╭─ Source material
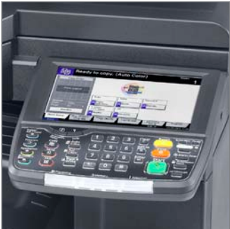
Large écran tactile couleur

Le nouveau d-Color MF2552 est équipé d'une technologie à moteur tandem qui lui confère une vitesse d'impression et de copie pouvant aller jusqu'à 25 pages A4 par minute, en couleur comme en noir et blanc. Réelle solution multifonction, le d-Color MF2552 vous permettra également de numériser en réseau vos documents à l'impressionnante vitesse de 48 originaux A4 par minute . Disponible en option, la fonction fax est également proposée afin de répondre à tous les besoins documentaires. L'ensemble des fonctions de cette solution documentaire est accessible via un large panneau de commande tactile (8,5"), intuitif et très réactif. Ainsi, réaliser un scan to e-mail ou un scan vers une clé USB devient aussi facile que de demander une simple copie recto-verso. Connectable en réseau, le d-Color MF2552 gère les fichiers PDF/A (1a et 1b) ainsi que les PDF encryptés. Le d-Color MF2552 est équipé en standard de deux magasins papier de 500 feuilles et d'un passe copie de 100 feuilles. Vous aurez donc la possibilité de disposer de trois types de supports papier différents en poste. Afin d'apporter une finition résolument professionnelle à vos documents, vous pourrez équiper votre d-Color MF2552 d'un module de finition optionnel qui vous permettra d'agrafer vos copies et vos impressions.
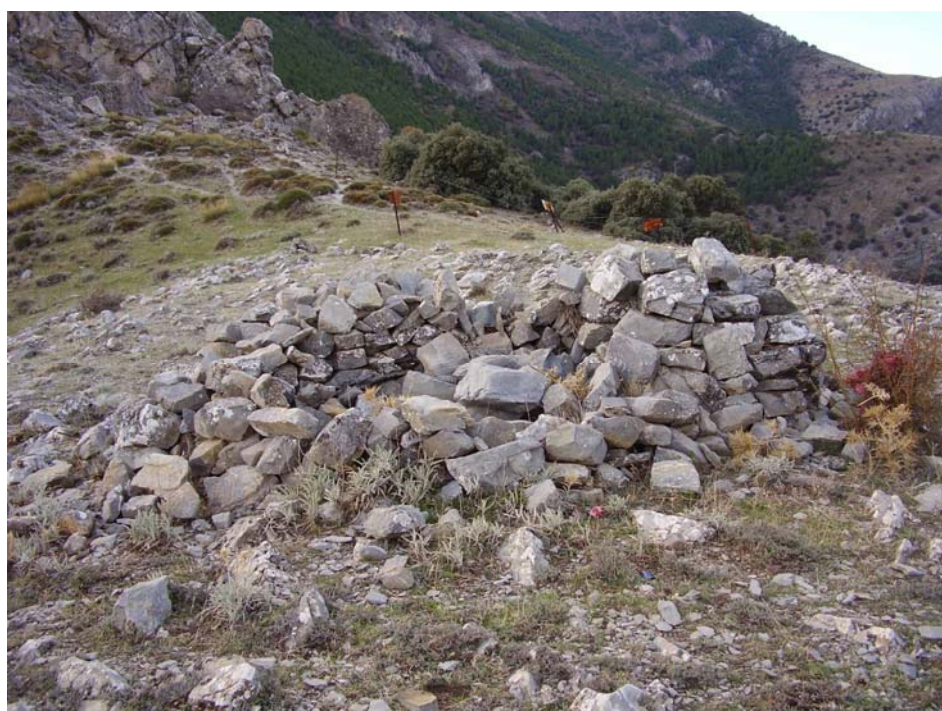
Foto 1. Vista de puesto de cuco.

Dato: Ortofoto digital de Andalucía. E= 1:4.000
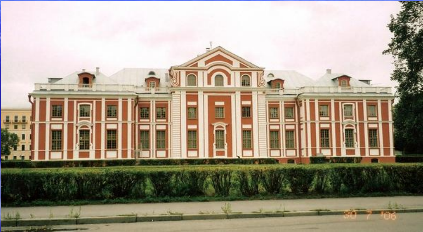
Кикины палаты, арх. неизвестен
╰─
Assignment: In the entries above, find every line holding the word "couleur" and copy it out.

Task solution:
Large écran tactile couleur
Le nouveau d-Color MF2552 est équipé d'une technologie à moteur tandem qui lui confère une vitesse d'impression et de copie pouvant aller jusqu'à 25 pages A4 par minute, en couleur comme en noir et blanc. Réelle solution multifonction, le d-Color MF2552 vous permettra également de numériser en réseau vos documents à l'impressionnante vitesse de 48 originaux A4 par minute . Disponible en option, la fonction fax est également proposée afin de répondre à tous les besoins documentaires. L'ensemble des fonctions de cette solution documentaire est accessible via un large panneau de commande tactile (8,5"), intuitif et très réactif. Ainsi, réaliser un scan to e-mail ou un scan vers une clé USB devient aussi facile que de demander une simple copie recto-verso. Connectable en réseau, le d-Color MF2552 gère les fichiers PDF/A (1a et 1b) ainsi que les PDF encryptés. Le d-Color MF2552 est équipé en standard de deux magasins papier de 500 feuilles et d'un passe copie de 100 feuilles. Vous aurez donc la possibilité de disposer de trois types de supports papier différents en poste. Afin d'apporter une finition résolument professionnelle à vos documents, vous pourrez équiper votre d-Color MF2552 d'un module de finition optionnel qui vous permettra d'agrafer vos copies et vos impressions.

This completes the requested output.